What is dhSegment?
It is a generic approach for Historical Document Processing. It relies on a Convolutional Neural Network to do the heavy lifting of predicting pixelwise characteristics. Then simple image processing operations are provided to extract the components of interest (boxes, polygons, lines, masks, …)

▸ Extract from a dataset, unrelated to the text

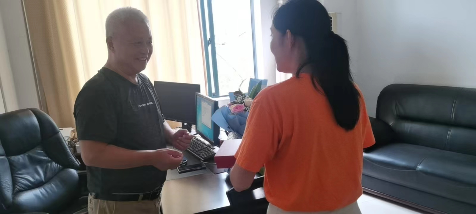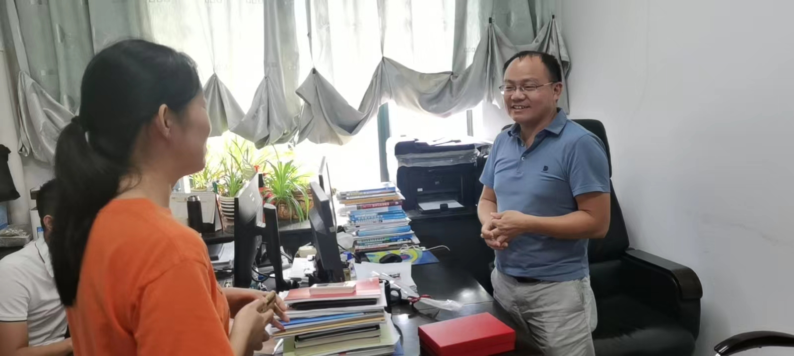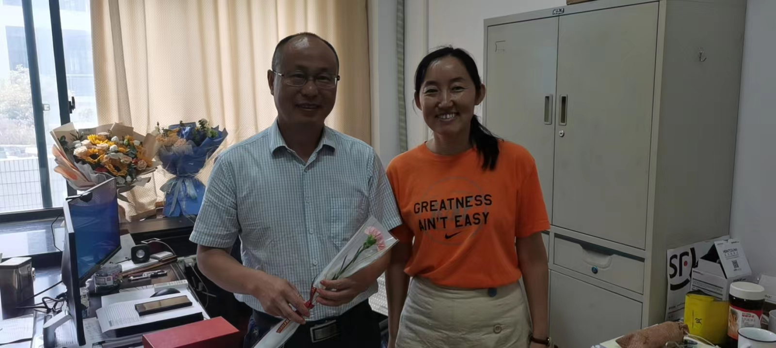 9月9日下午,孙小燕副院长受学院委派在老师办公室慰问了桃李芬芳 感恩奉献 从教四十周年的王艾伦教授、李晓谦教授、唐进元教授。言传身教 孜孜不倦 从教二十周年的李军辉教授、帅词俊教授、杨忠炯教授、李松柏副教授、陈敏副教授等一线教师送去节日祝福,并致以崇高的敬意。
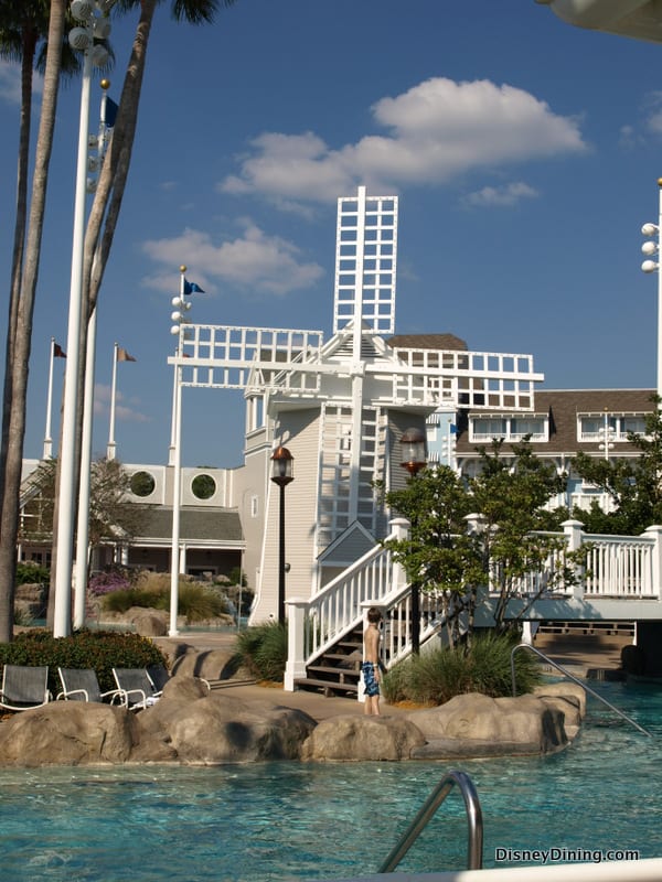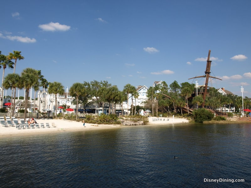 We arrived to the Yacht and Beach Club Resort on the most convenient form of transportation in the area, the ferryboat, which makes stops at Epcot, Hollywood Studios, The Boardwalk, The Swan and Dolphin, and, of course, Disney’s Yacht and Beach Club. Approaching from the water is a far more rewarding experience than the front door, as you get a complete look at the beautiful facilities, complete with pirate ship and windmill.

It was originally created by Benoit Seguin and Sofia Ares Oliveira at the Digital Humanities Laboratory (DHLAB) at EPFL for the needs of the Venice Time Machine.
A few key facts:
-
You only need to provide a list of images with annotated masks, which can easily be created with an image editing software (Gimp, Photoshop). You only need to draw the elements you care about!
-
Allows to classify each pixel across multiple classes, with the possibility of assigning multiple labels per pixel.
-
On-the-fly data augmentation, and efficient batching of batches.
-
Leverages a state-of-the-art pre-trained network (Resnet50) to lower the need for training data and improve generalization.
-
Monitor training on Tensorboard very easily.
-
A list of simple image processing operations are already implemented such that the post-processing steps only take a couple of lines.
What sort of training data do I need?
Each training sample consists in an image of a document and its corresponding parts to be predicted.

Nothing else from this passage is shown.